InferenceModel is the runtime API for exported policies. It loads the exported package, runs preprocessing and postprocessing, and produces actions.

python

model = InferenceModel.load("./exports/act_policy")
action = model.select_action(observation)

Pipeline

text

observation
  -> preprocessors
  -> runner
  -> postprocessors
  -> action

APIs

Method	Use
`select_action(observation)`	Returns one action immediately.
`predict_action_chunk(observation)`	Returns a chunk for runtime queueing.
`reset()`	Clears state for a new episode.
`close()`	Releases backend resources.

Chunked Policies

Chunk-producing policies still support select_action(). The caller does not need to branch on runner type.

python

if cursor.empty():
    cursor.push_chunk(model.predict_action_chunk(obs))

return cursor.pop()

The cursor is a convenience inside the model layer.
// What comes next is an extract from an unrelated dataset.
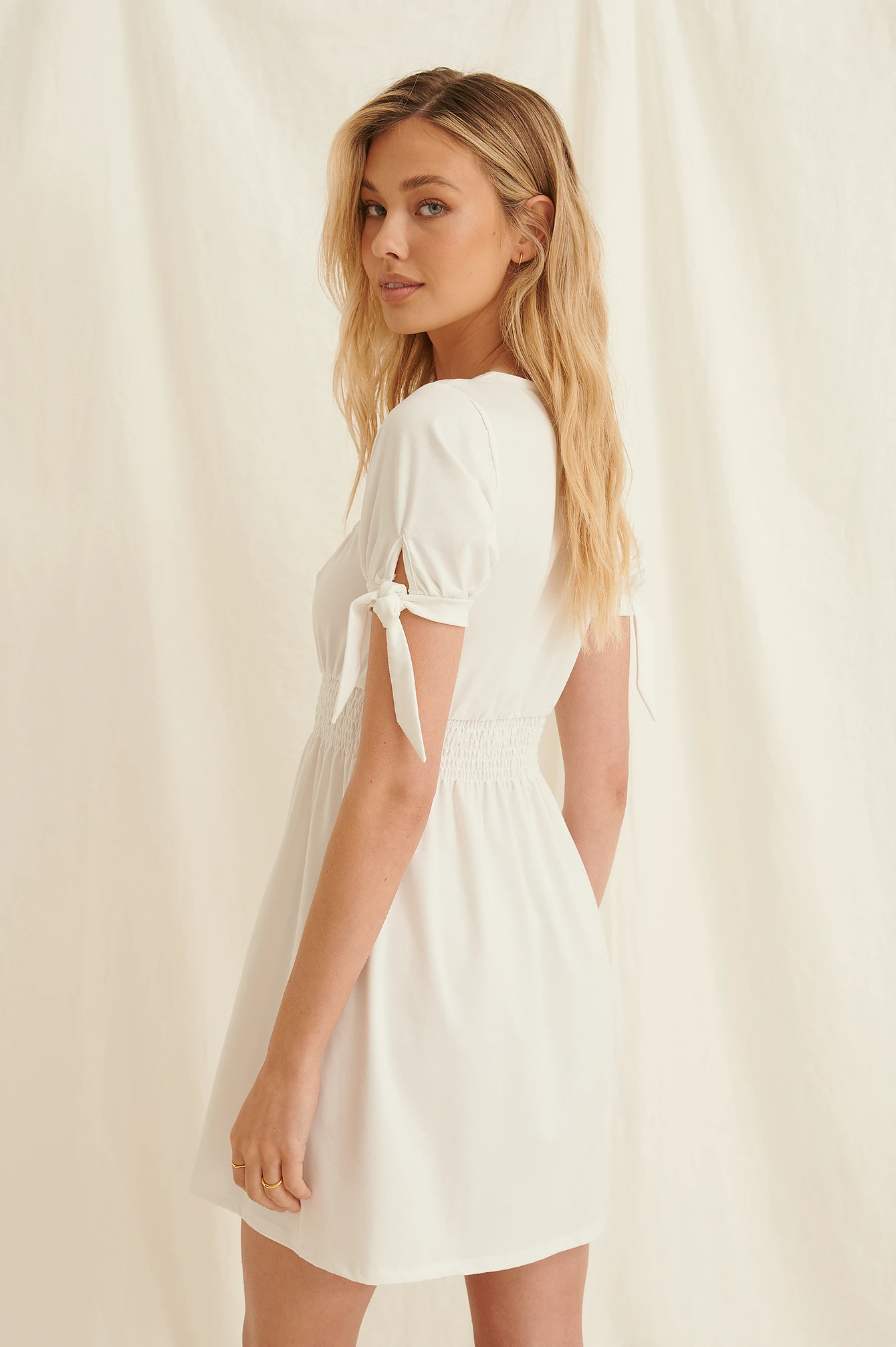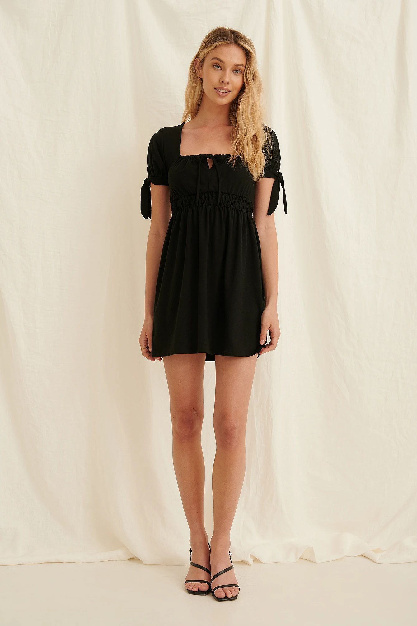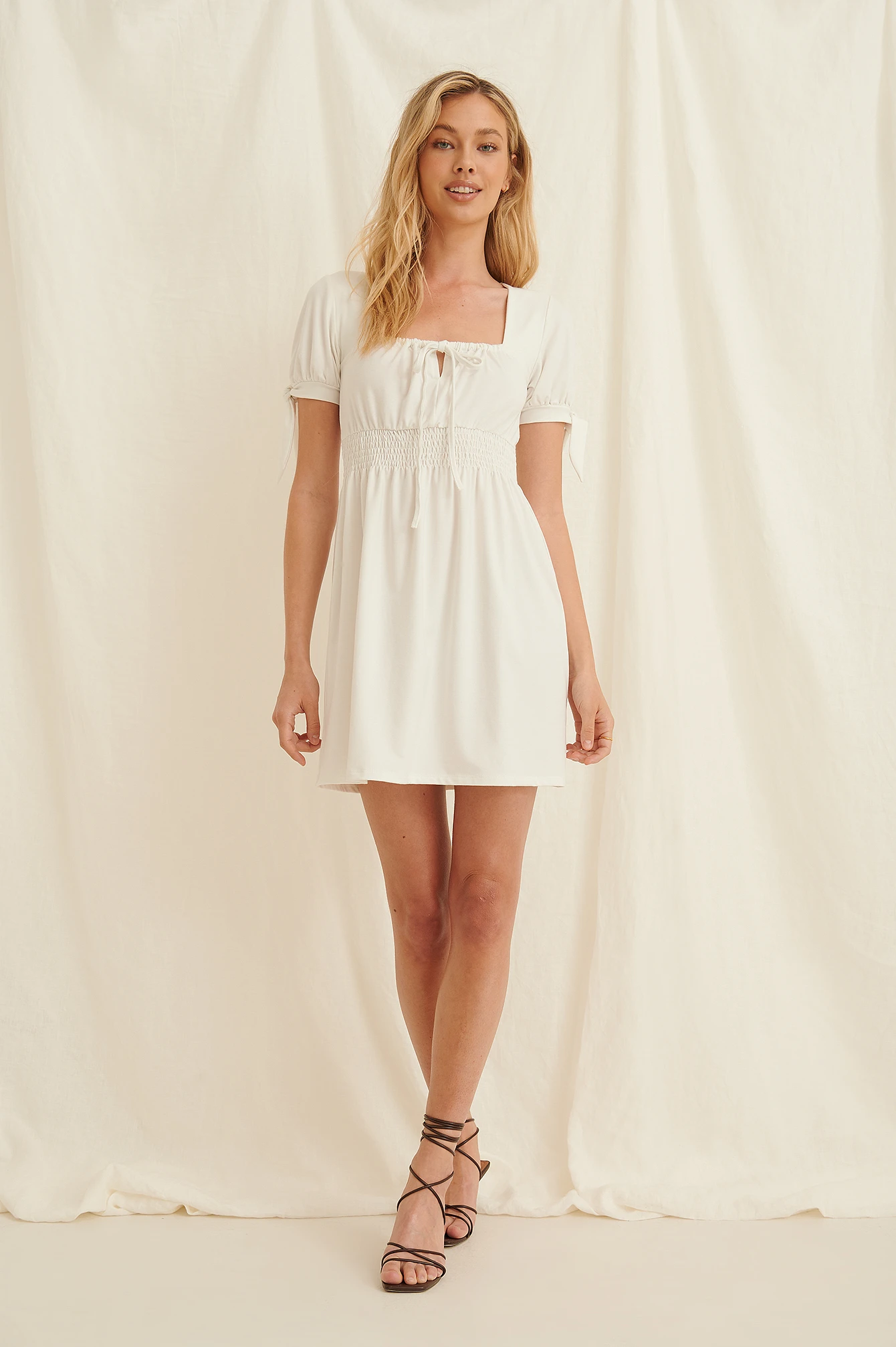 Cette robe a une encolure carrée avec détail à cordon coulissant avec ruban à nouer, des manches bouffantes à l’extrémité avec noeud, une ceinture froncée et élastique et une matière douce.

It is not the runtime action queue and it should not be treated as one.

Runtime Boundary

Use select_action() for scripts, tests, demos, and evaluation loops.

Use predict_action_chunk() through PolicyRuntime when the policy is driving a robot.

text

PolicyRuntime
  -> Execution.maybe_request(obs)
  -> InferenceModel.predict_action_chunk(obs)
  -> ActionQueue.push_chunk(chunk)
  -> ActionQueue.pop_or_none()
  -> robot.send_action(action)